### Aim of the exercise
Would it be possible to output exactly, and only, the lines below from the one holding "A double hinge" to the last line, both included, with every picture left out?

### Records to use
· · ·

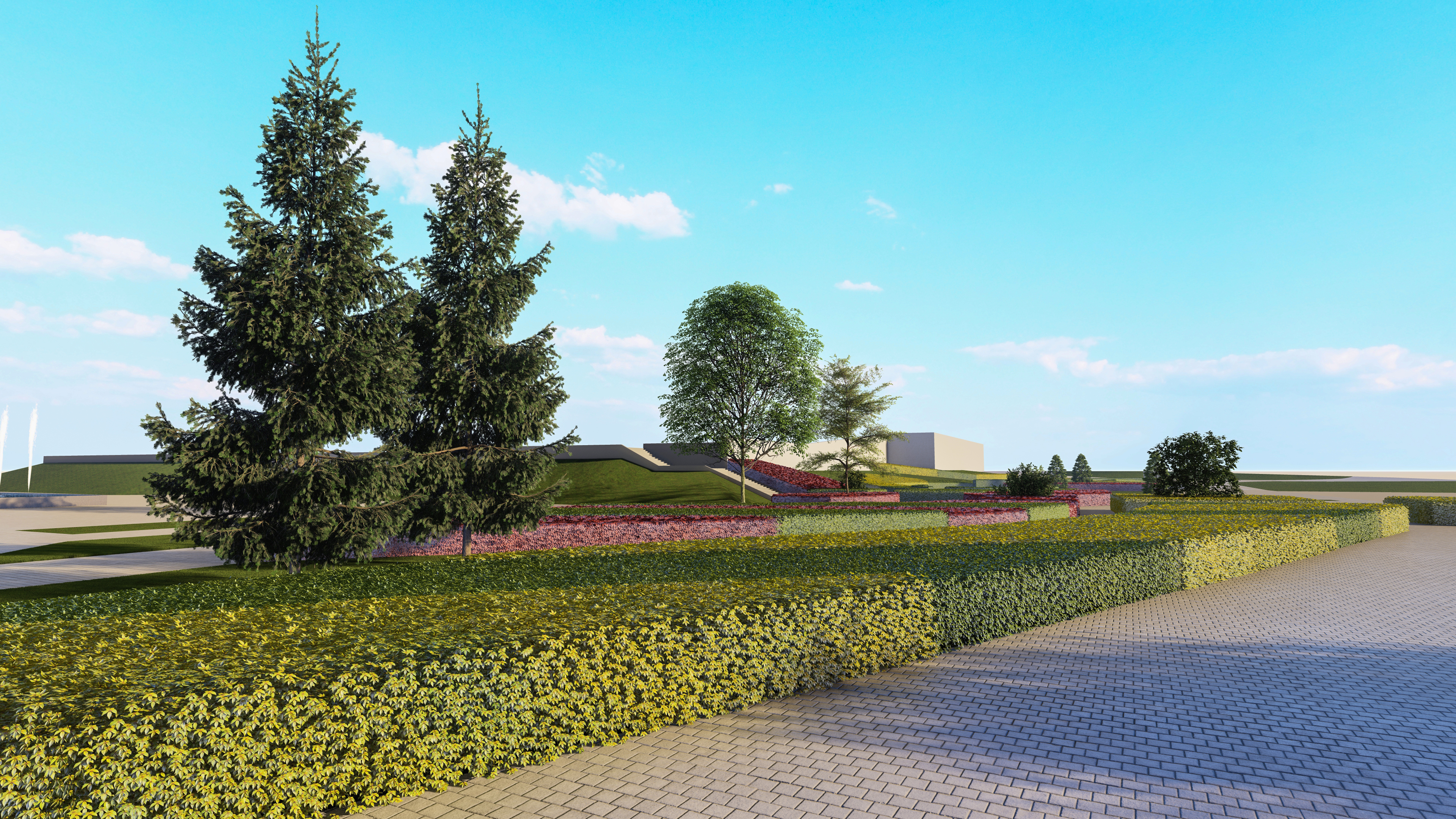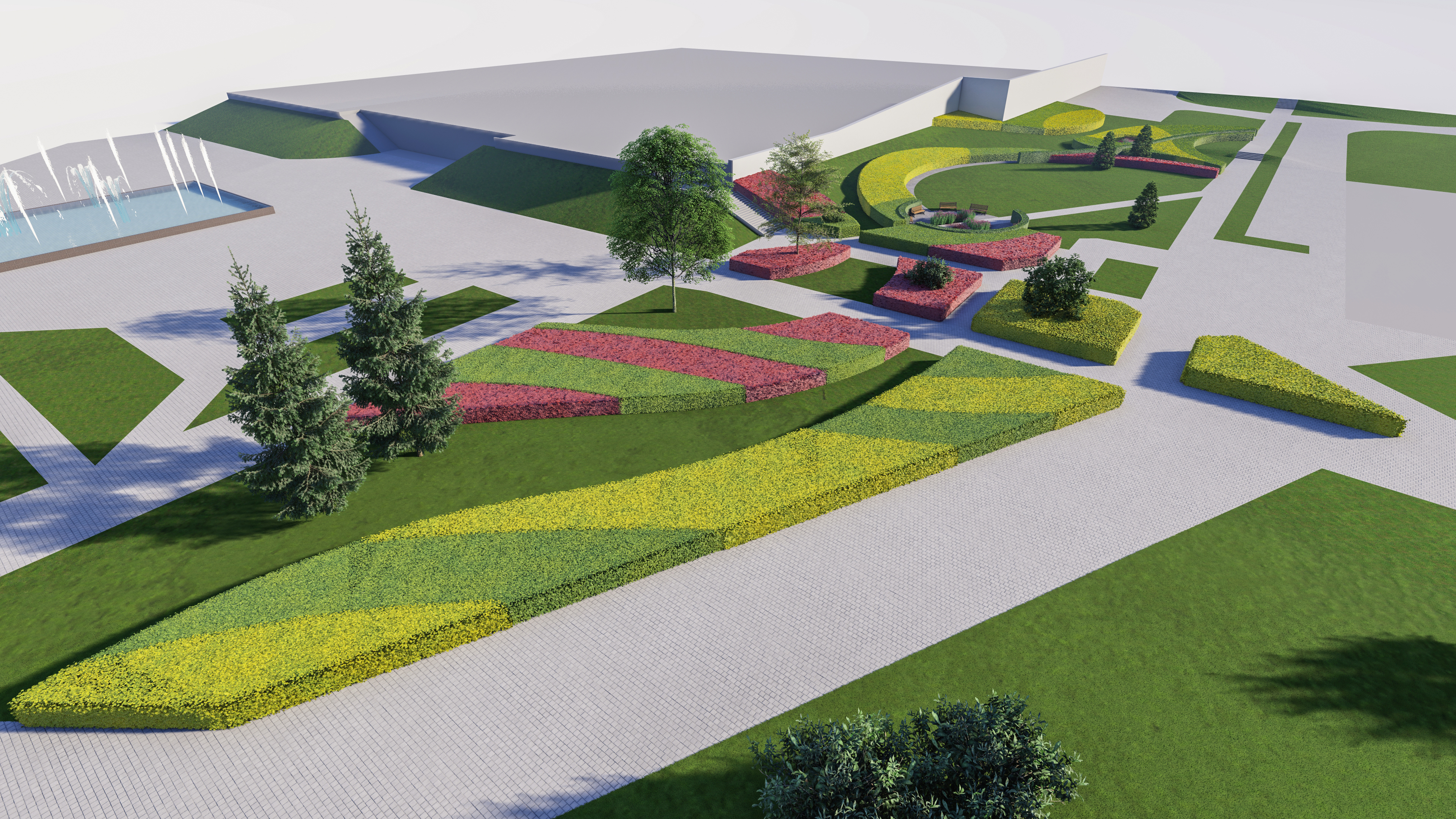 В качестве зеленых насаждений на участке появятся декоративные кустарники – пузыреплодники с красной ("ред барон") и желтой ("лютеус") листвой, а также кизильник блестящий. Растения будут высажены "волнами".
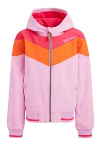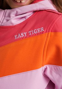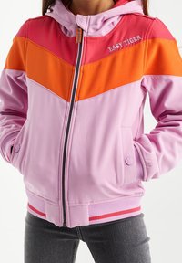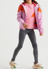 Veste zippée rose et orange avec capuche, assortie à un sweat-shirt rose, un jean skinny gris et des baskets multicolores.
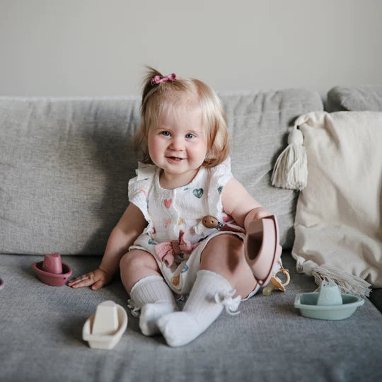 Superleuk badspeelgoed van het merk Mushie. Zachte pastelkleurtjes die mooi in uw interieur passen. De speelbootjes passen in elkaar en hebben allemaal leuke zachte kleuren. Deze zijn geschikt voor kiddo's vanaf 10 maanden.
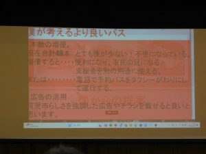 スライドショーでの発表が多い中、動画での発表もありました。内容は路線バス。製作時間は、なんと100時間!!
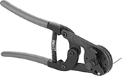 A double hinge provides high cutting force with low gripping pressure. These cutters are also known as aviation snips. A spring opens the jaws for quick cutting, and a locking latch holds them together when the cutter is not in use. Blades are serrated to prevent slipping.
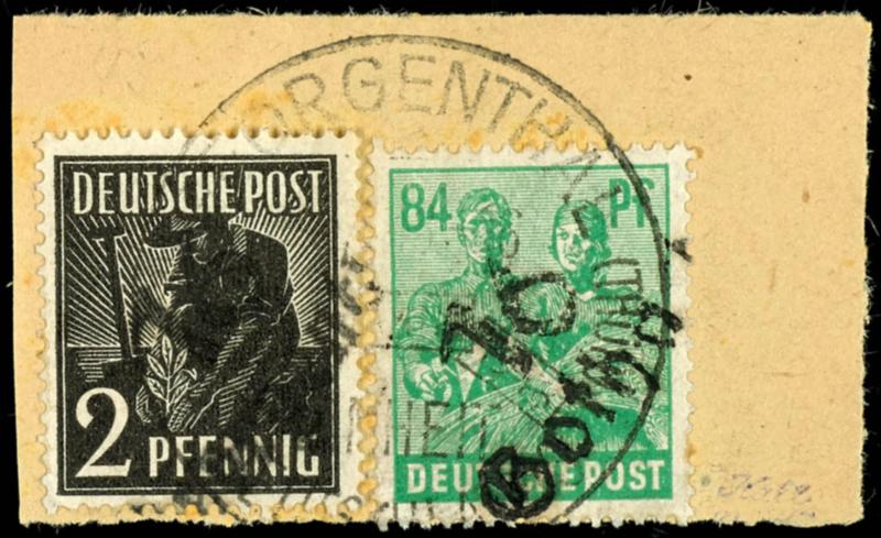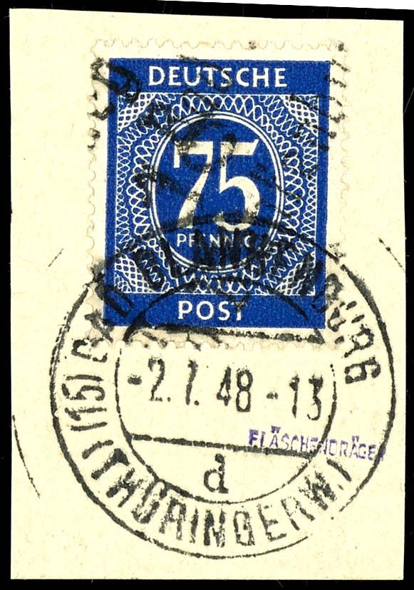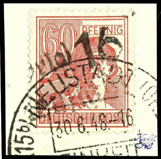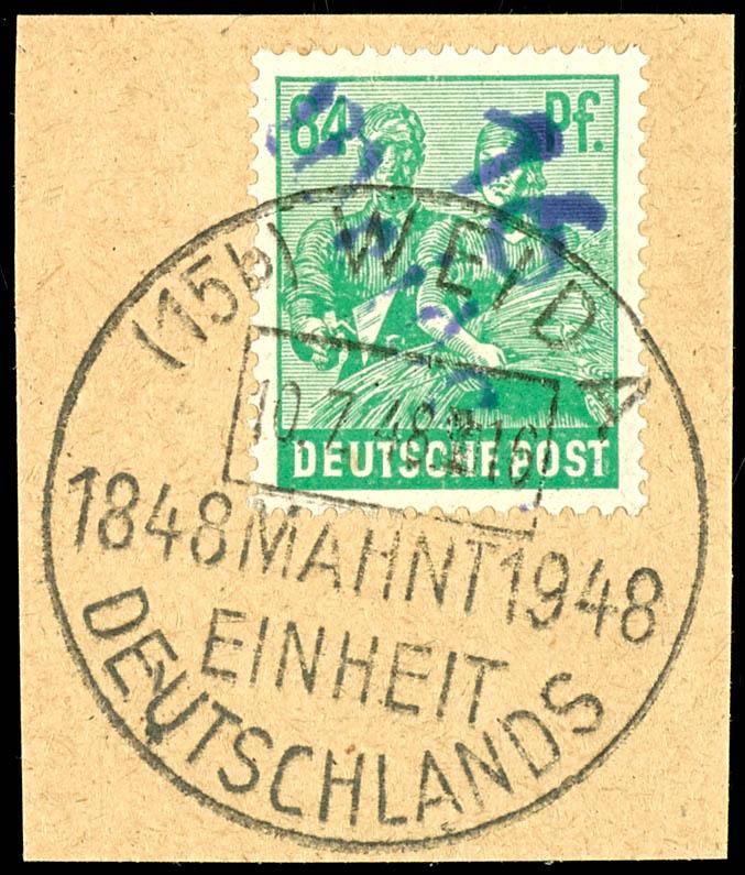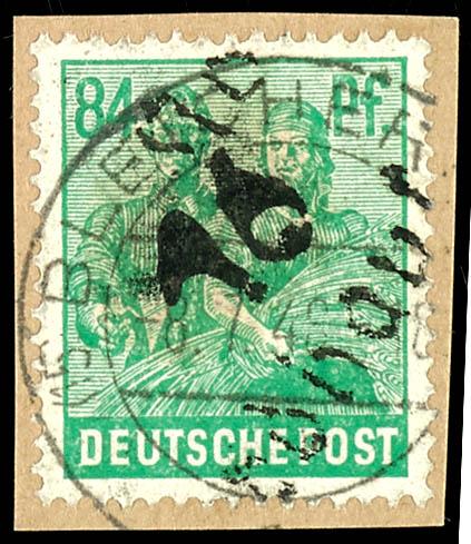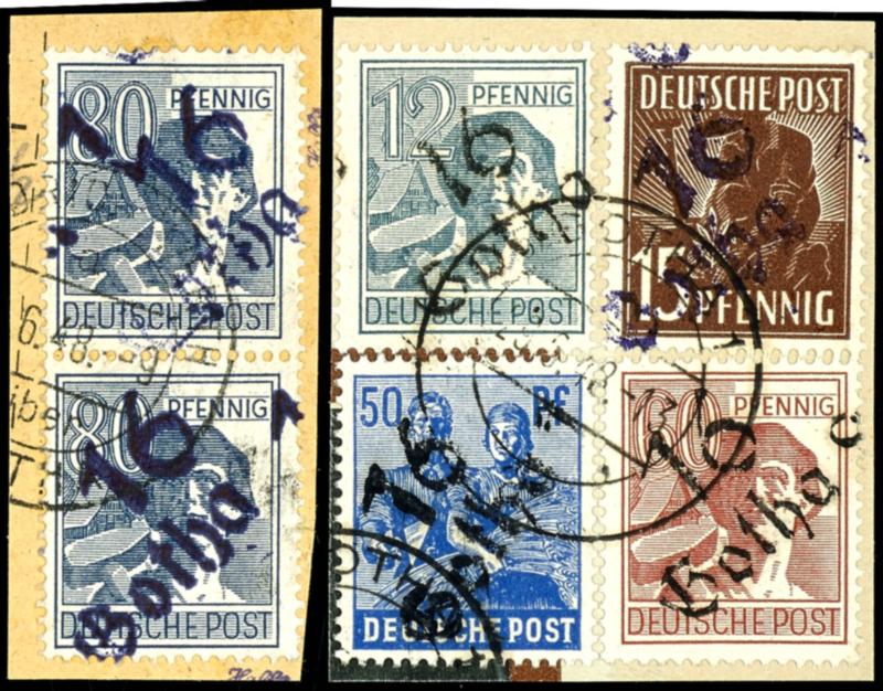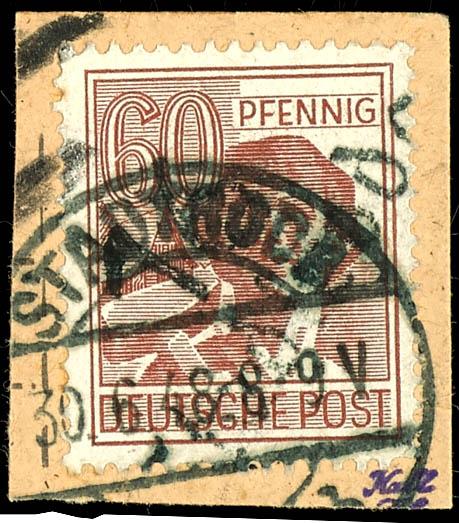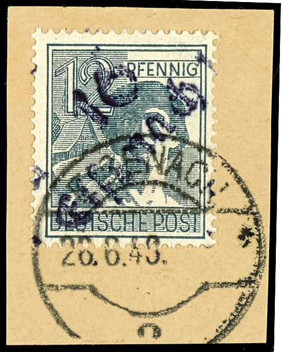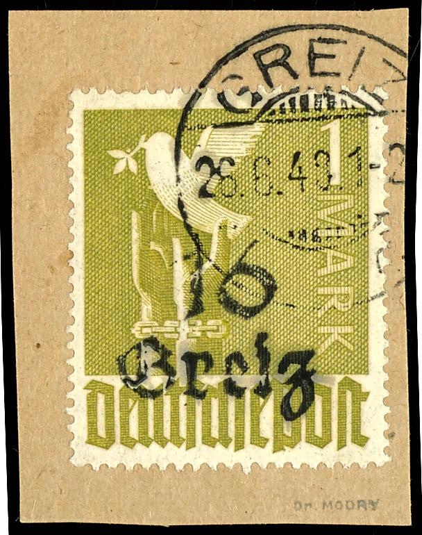 6 pfennigs numerals, black blue green, postmaster separation Loschwitz, with 5 pfennigs numerals on piece with cancellation "Dresden Loschwitz 24.1.46", very fine, expertized STROEH BPP, Michel 408, 50 (43Gb,42G) 6 Pfennig Ziffern, schwarzblaugrün, Postmeistertrennung Loschwitz, mit 5 Pfennig Zif

· · ·

### Your response
 A double hinge provides high cutting force with low gripping pressure. These cutters are also known as aviation snips. A spring opens the jaws for quick cutting, and a locking latch holds them together when the cutter is not in use. Blades are serrated to prevent slipping.
 6 pfennigs numerals, black blue green, postmaster separation Loschwitz, with 5 pfennigs numerals on piece with cancellation "Dresden Loschwitz 24.1.46", very fine, expertized STROEH BPP, Michel 408, 50 (43Gb,42G) 6 Pfennig Ziffern, schwarzblaugrün, Postmeistertrennung Loschwitz, mit 5 Pfennig Zif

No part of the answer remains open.